PROBLEM TO SOLVE
What is printed must match, line for line, the records from their first line through the line containing "Jada Toys M&M's", with pictures left out.

MATERIAL TO PROCESS
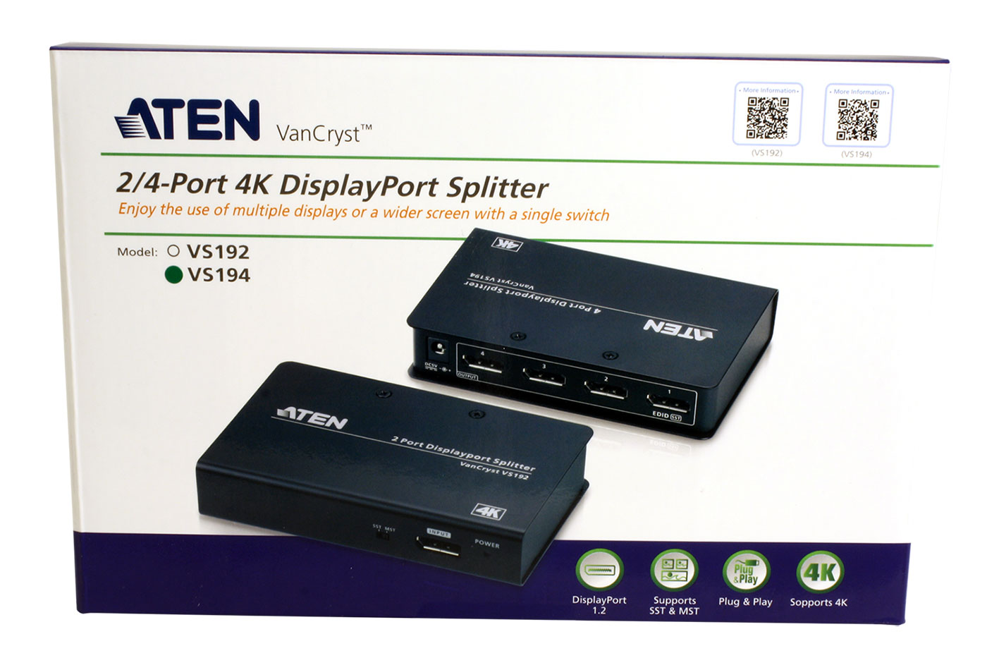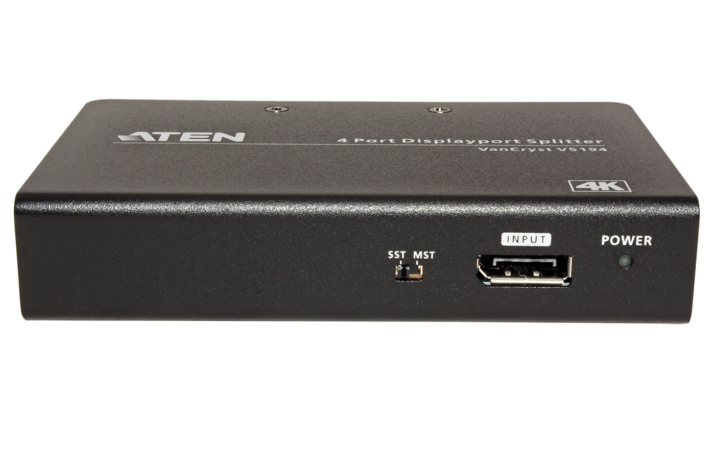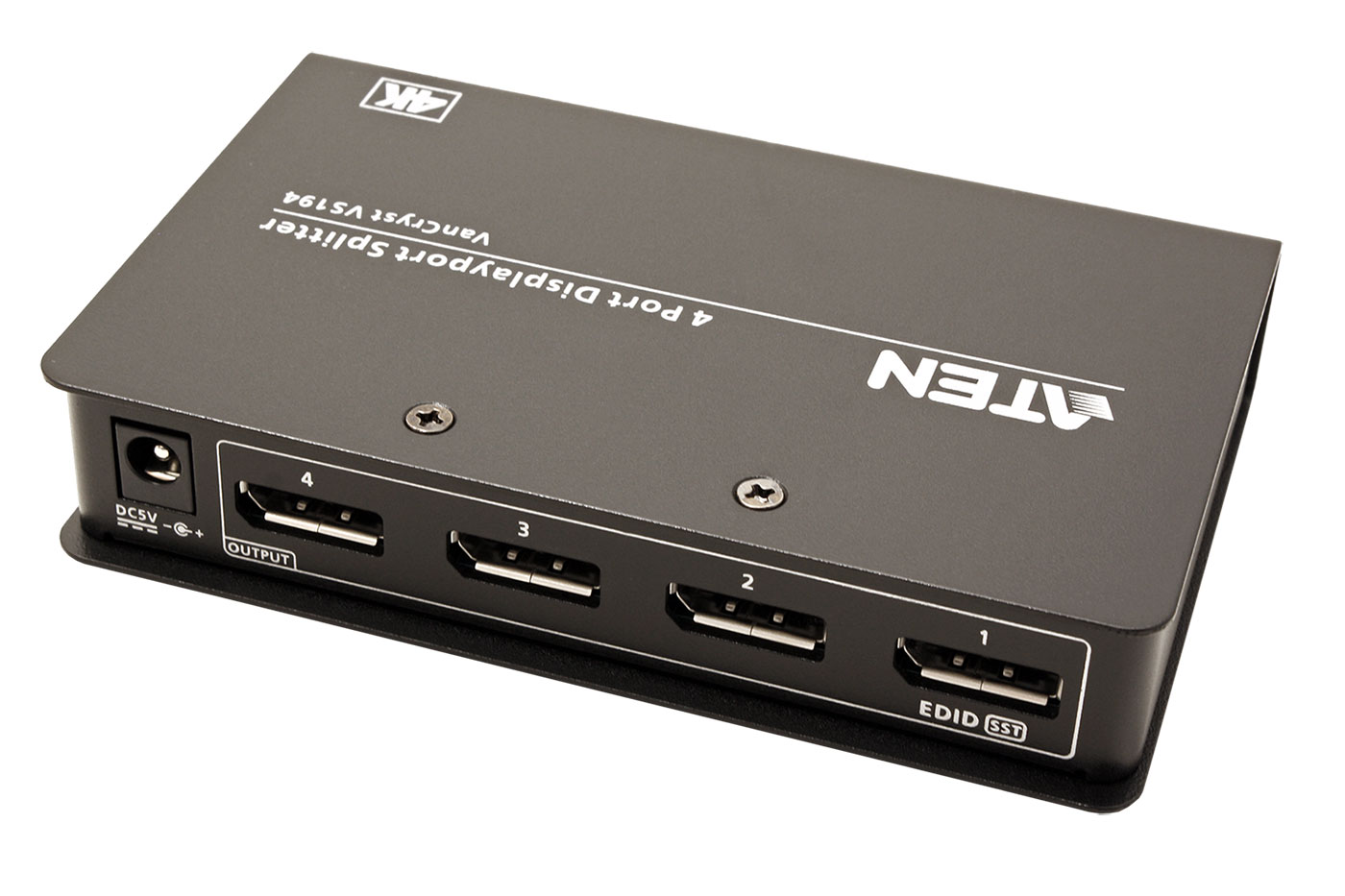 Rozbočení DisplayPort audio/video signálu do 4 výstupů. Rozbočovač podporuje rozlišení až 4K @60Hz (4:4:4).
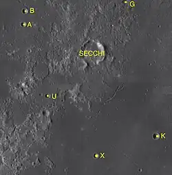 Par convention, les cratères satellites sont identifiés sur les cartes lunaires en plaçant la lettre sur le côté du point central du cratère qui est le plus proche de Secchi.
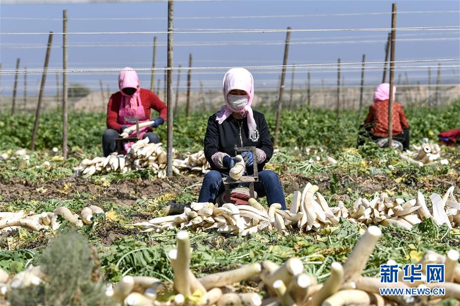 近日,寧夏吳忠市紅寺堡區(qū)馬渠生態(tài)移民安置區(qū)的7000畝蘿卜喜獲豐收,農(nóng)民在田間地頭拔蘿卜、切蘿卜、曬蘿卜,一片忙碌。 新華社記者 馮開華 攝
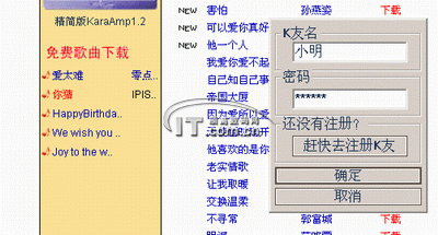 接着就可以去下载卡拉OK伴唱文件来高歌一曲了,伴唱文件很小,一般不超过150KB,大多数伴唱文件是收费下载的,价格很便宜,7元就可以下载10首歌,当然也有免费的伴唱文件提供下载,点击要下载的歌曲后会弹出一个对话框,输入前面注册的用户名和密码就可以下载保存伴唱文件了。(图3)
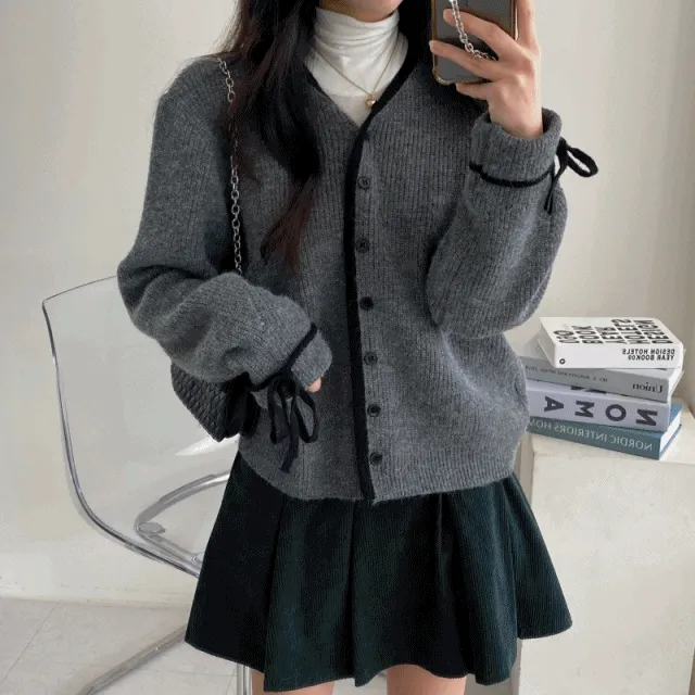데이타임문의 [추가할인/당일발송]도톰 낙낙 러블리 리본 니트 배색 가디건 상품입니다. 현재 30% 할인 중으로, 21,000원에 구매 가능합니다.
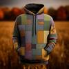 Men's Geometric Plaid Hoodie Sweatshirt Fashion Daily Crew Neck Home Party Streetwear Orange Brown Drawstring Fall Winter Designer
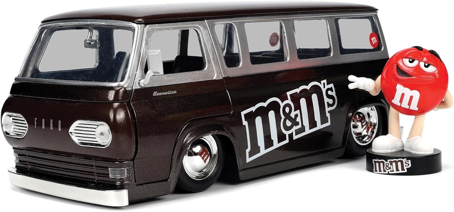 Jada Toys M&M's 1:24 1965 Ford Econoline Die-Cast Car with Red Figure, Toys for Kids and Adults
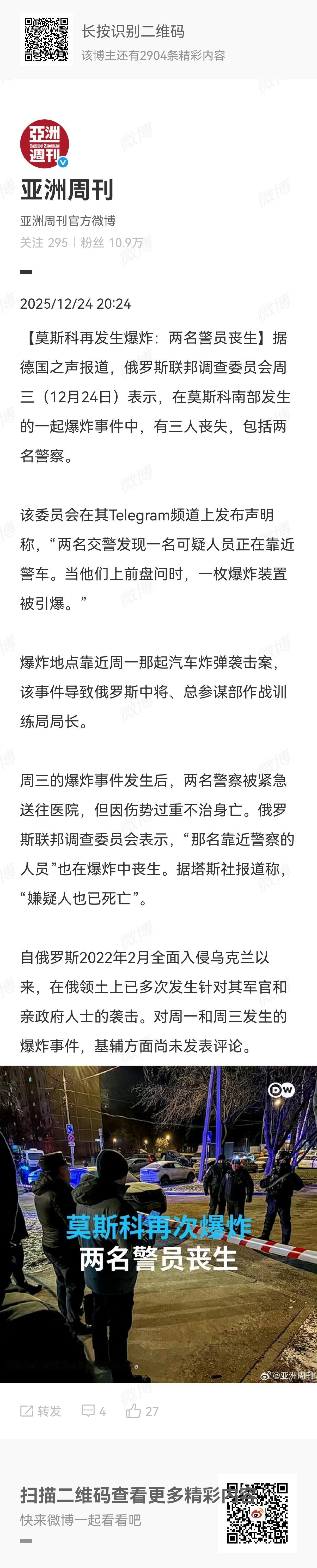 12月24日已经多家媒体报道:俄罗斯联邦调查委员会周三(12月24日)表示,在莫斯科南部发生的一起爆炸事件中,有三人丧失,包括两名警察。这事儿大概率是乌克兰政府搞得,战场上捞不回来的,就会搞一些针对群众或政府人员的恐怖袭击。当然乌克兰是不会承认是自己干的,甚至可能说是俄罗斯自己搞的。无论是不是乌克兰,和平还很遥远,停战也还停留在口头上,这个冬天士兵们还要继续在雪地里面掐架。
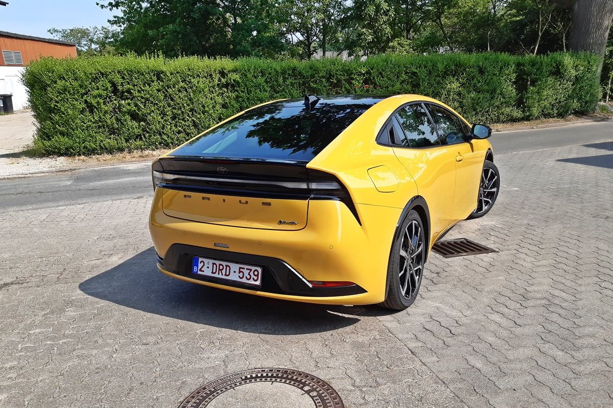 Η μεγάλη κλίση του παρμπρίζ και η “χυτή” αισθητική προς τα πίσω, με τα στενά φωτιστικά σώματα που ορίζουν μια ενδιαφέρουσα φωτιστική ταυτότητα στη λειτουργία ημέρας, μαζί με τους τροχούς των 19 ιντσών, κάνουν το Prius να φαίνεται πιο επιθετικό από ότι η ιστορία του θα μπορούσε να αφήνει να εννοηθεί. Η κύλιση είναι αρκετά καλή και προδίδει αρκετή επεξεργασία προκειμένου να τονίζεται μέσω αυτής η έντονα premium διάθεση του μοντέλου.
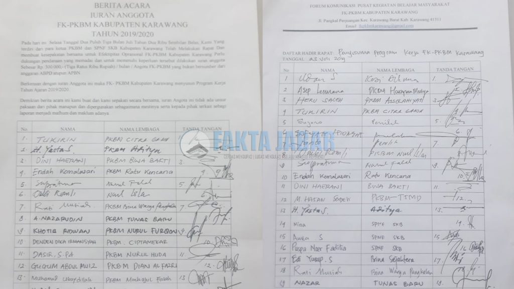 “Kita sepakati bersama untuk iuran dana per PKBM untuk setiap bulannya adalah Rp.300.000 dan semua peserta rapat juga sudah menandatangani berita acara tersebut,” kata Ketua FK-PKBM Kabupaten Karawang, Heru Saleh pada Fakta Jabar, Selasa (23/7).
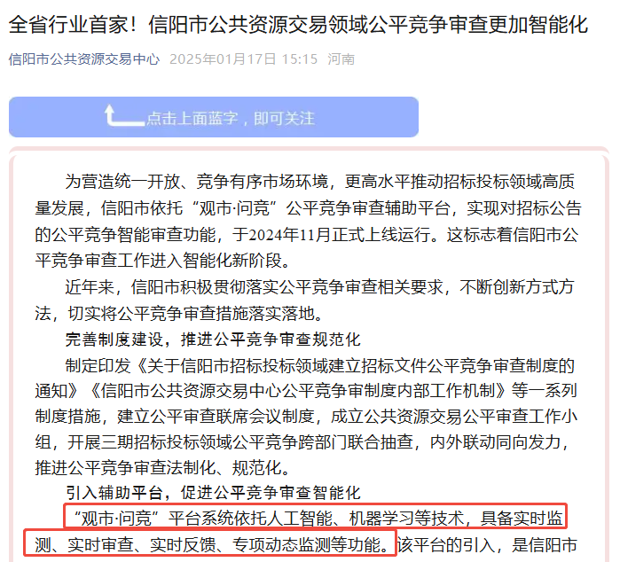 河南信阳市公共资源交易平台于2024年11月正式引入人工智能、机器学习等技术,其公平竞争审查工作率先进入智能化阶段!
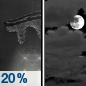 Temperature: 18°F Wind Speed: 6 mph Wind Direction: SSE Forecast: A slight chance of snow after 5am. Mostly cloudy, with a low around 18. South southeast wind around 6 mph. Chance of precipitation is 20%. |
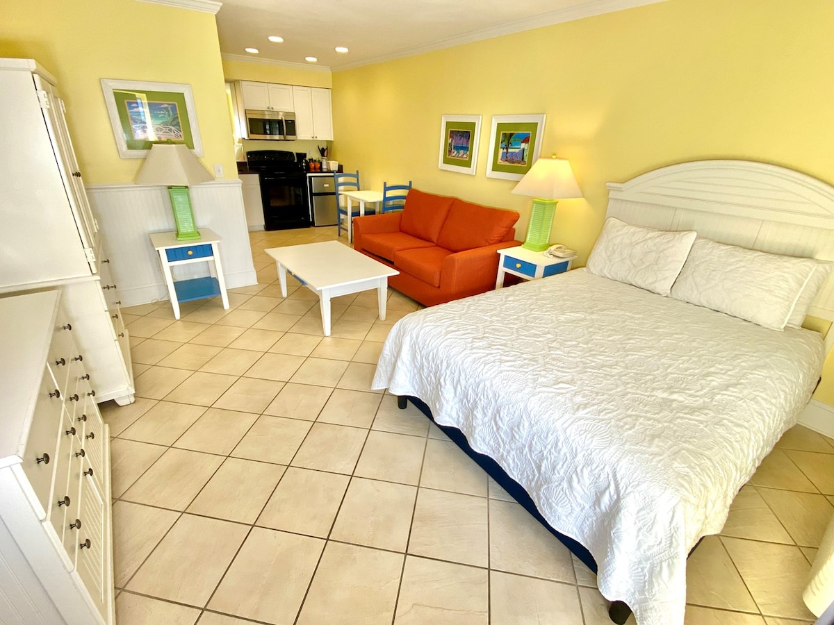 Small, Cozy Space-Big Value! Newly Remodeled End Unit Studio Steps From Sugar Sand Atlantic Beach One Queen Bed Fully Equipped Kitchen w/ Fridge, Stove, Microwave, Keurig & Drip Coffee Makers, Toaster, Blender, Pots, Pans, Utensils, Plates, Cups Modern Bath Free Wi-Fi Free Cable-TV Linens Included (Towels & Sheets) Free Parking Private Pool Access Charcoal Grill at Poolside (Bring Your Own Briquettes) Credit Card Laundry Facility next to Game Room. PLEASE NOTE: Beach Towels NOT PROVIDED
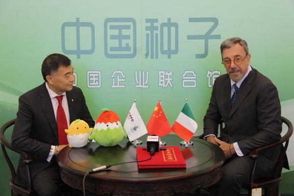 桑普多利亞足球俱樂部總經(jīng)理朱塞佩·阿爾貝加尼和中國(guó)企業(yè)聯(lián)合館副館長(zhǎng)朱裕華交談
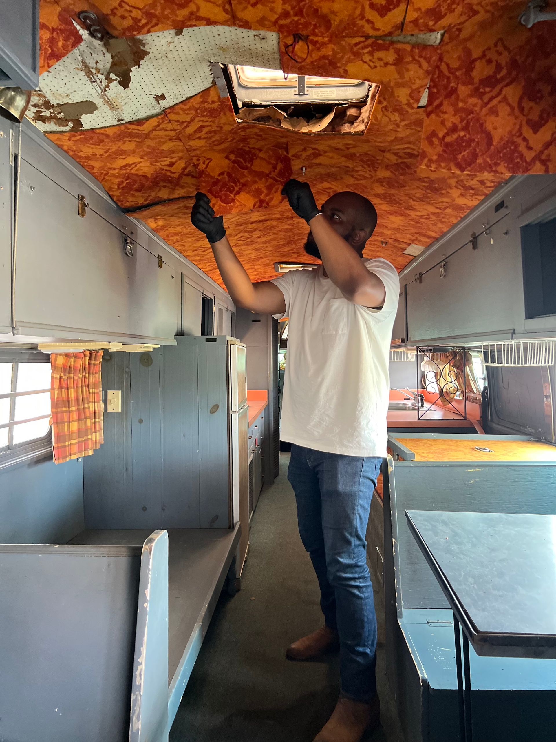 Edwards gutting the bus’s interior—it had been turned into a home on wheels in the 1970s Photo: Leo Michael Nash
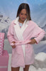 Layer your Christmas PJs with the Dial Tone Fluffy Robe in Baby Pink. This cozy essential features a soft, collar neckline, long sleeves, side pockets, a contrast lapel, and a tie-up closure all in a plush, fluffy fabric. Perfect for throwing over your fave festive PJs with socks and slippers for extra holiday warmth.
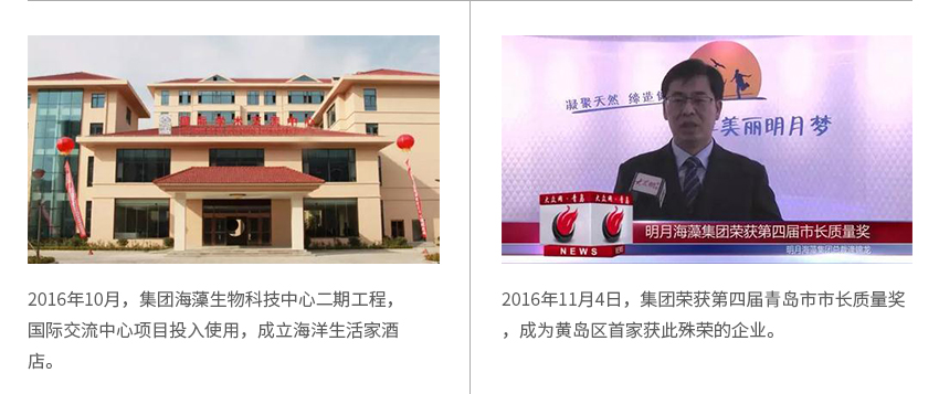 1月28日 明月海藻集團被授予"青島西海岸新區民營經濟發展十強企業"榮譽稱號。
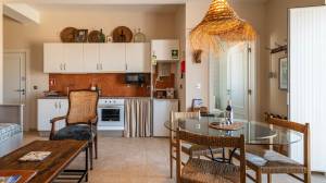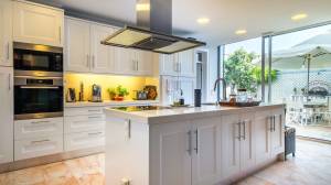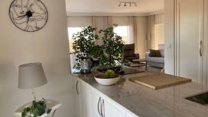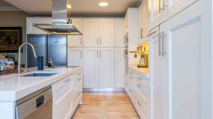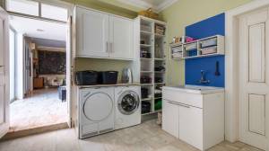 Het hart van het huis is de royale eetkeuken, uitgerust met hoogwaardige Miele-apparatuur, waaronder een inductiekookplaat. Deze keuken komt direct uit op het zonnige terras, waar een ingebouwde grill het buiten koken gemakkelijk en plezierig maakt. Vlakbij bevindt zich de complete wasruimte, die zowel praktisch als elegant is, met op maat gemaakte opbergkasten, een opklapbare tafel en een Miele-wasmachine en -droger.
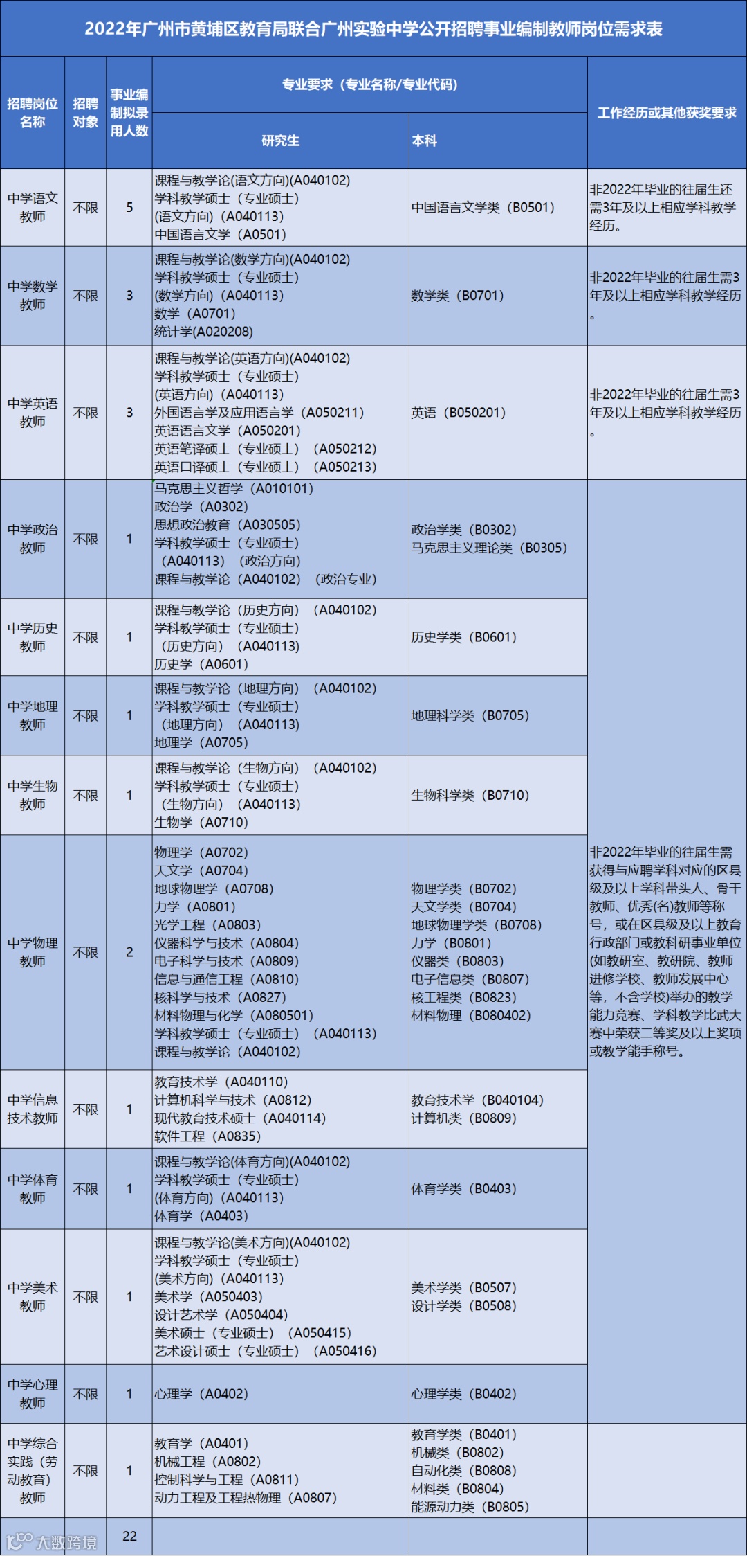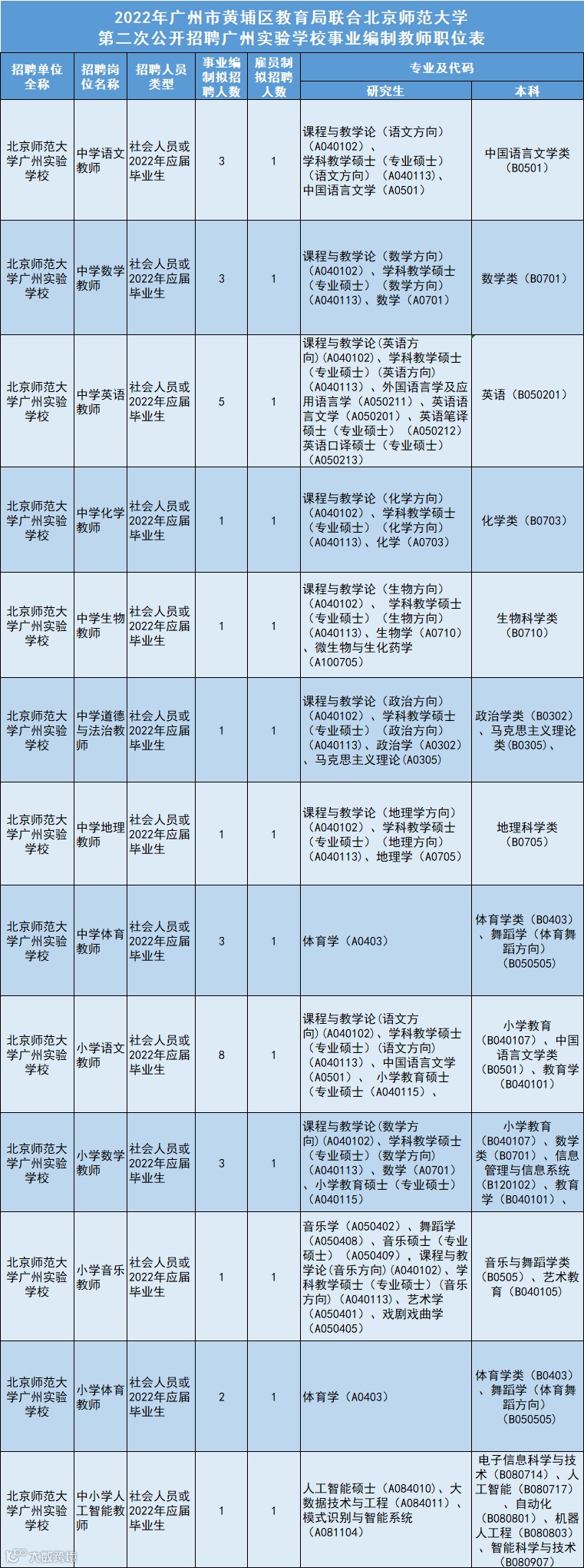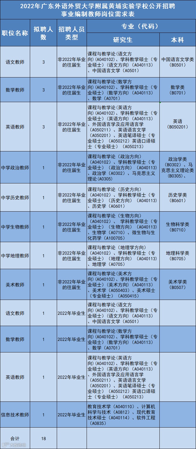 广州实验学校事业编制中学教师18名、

RESULT BELOW
 Rozbočení DisplayPort audio/video signálu do 4 výstupů. Rozbočovač podporuje rozlišení až 4K @60Hz (4:4:4).
 Par convention, les cratères satellites sont identifiés sur les cartes lunaires en plaçant la lettre sur le côté du point central du cratère qui est le plus proche de Secchi.
 近日,寧夏吳忠市紅寺堡區(qū)馬渠生態(tài)移民安置區(qū)的7000畝蘿卜喜獲豐收,農(nóng)民在田間地頭拔蘿卜、切蘿卜、曬蘿卜,一片忙碌。 新華社記者 馮開華 攝
 接着就可以去下载卡拉OK伴唱文件来高歌一曲了,伴唱文件很小,一般不超过150KB,大多数伴唱文件是收费下载的,价格很便宜,7元就可以下载10首歌,当然也有免费的伴唱文件提供下载,点击要下载的歌曲后会弹出一个对话框,输入前面注册的用户名和密码就可以下载保存伴唱文件了。(图3)
데이타임문의 [추가할인/당일발송]도톰 낙낙 러블리 리본 니트 배색 가디건 상품입니다. 현재 30% 할인 중으로, 21,000원에 구매 가능합니다.
 Men's Geometric Plaid Hoodie Sweatshirt Fashion Daily Crew Neck Home Party Streetwear Orange Brown Drawstring Fall Winter Designer
 Jada Toys M&M's 1:24 1965 Ford Econoline Die-Cast Car with Red Figure, Toys for Kids and Adults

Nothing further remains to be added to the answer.